** Opening Data excerpts block **
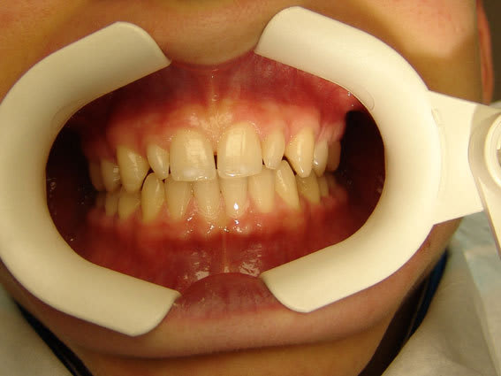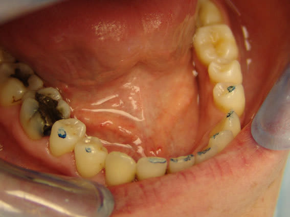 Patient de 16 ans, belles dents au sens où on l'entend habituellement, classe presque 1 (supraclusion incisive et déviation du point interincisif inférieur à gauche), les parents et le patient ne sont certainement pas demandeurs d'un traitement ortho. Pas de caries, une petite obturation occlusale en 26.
** Closing Data excerpts block **
** Opening Data excerpts block **
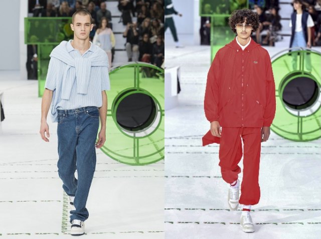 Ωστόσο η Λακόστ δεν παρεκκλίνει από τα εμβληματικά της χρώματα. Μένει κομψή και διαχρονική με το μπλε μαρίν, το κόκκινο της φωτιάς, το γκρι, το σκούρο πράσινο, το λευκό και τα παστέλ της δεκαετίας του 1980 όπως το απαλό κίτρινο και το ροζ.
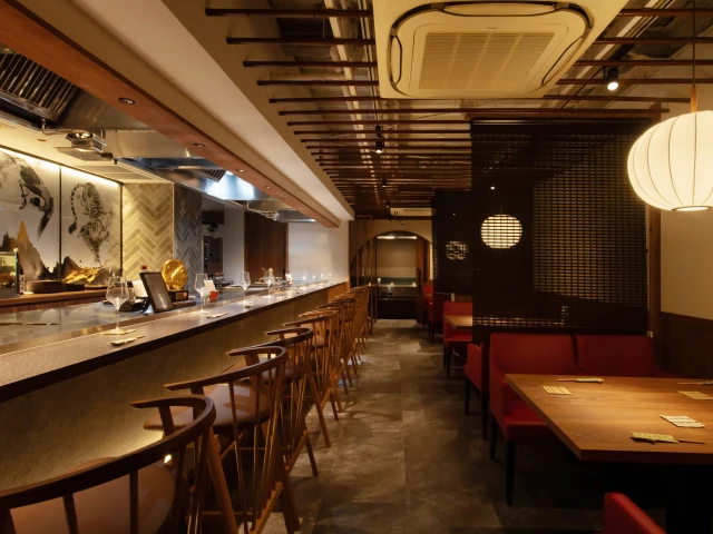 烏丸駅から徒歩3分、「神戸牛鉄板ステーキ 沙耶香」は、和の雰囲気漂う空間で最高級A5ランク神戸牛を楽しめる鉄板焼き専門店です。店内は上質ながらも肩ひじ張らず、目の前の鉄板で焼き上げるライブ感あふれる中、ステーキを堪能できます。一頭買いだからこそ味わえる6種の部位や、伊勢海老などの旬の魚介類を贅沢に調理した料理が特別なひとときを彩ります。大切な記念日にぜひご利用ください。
** Closing Data excerpts block **
** Opening Data excerpts block **
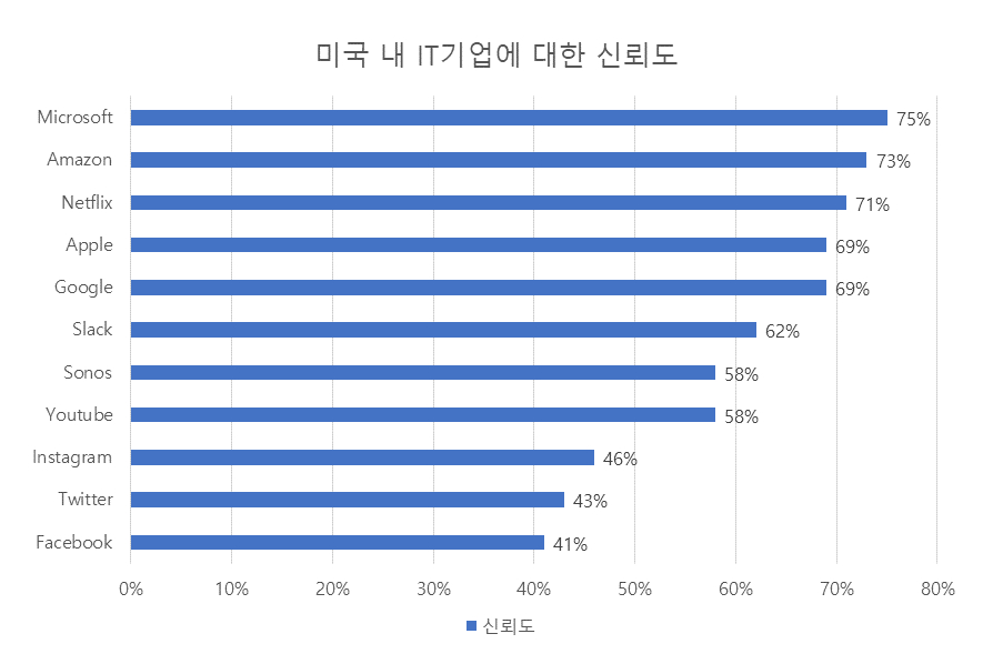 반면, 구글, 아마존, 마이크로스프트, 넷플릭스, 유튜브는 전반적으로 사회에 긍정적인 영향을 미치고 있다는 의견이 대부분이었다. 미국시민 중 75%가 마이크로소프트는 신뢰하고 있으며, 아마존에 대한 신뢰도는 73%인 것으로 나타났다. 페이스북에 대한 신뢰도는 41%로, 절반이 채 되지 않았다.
** Closing Data excerpts block **
With the pictures removed from your copy, retype the lines above from the one that contains "Ωστόσο η Λακόστ" through the one that contains "烏丸駅から徒歩3分、「神戸牛", exactly.

* Solution to the exercise *
 Ωστόσο η Λακόστ δεν παρεκκλίνει από τα εμβληματικά της χρώματα. Μένει κομψή και διαχρονική με το μπλε μαρίν, το κόκκινο της φωτιάς, το γκρι, το σκούρο πράσινο, το λευκό και τα παστέλ της δεκαετίας του 1980 όπως το απαλό κίτρινο και το ροζ.
 烏丸駅から徒歩3分、「神戸牛鉄板ステーキ 沙耶香」は、和の雰囲気漂う空間で最高級A5ランク神戸牛を楽しめる鉄板焼き専門店です。店内は上質ながらも肩ひじ張らず、目の前の鉄板で焼き上げるライブ感あふれる中、ステーキを堪能できます。一頭買いだからこそ味わえる6種の部位や、伊勢海老などの旬の魚介類を贅沢に調理した料理が特別なひとときを彩ります。大切な記念日にぜひご利用ください。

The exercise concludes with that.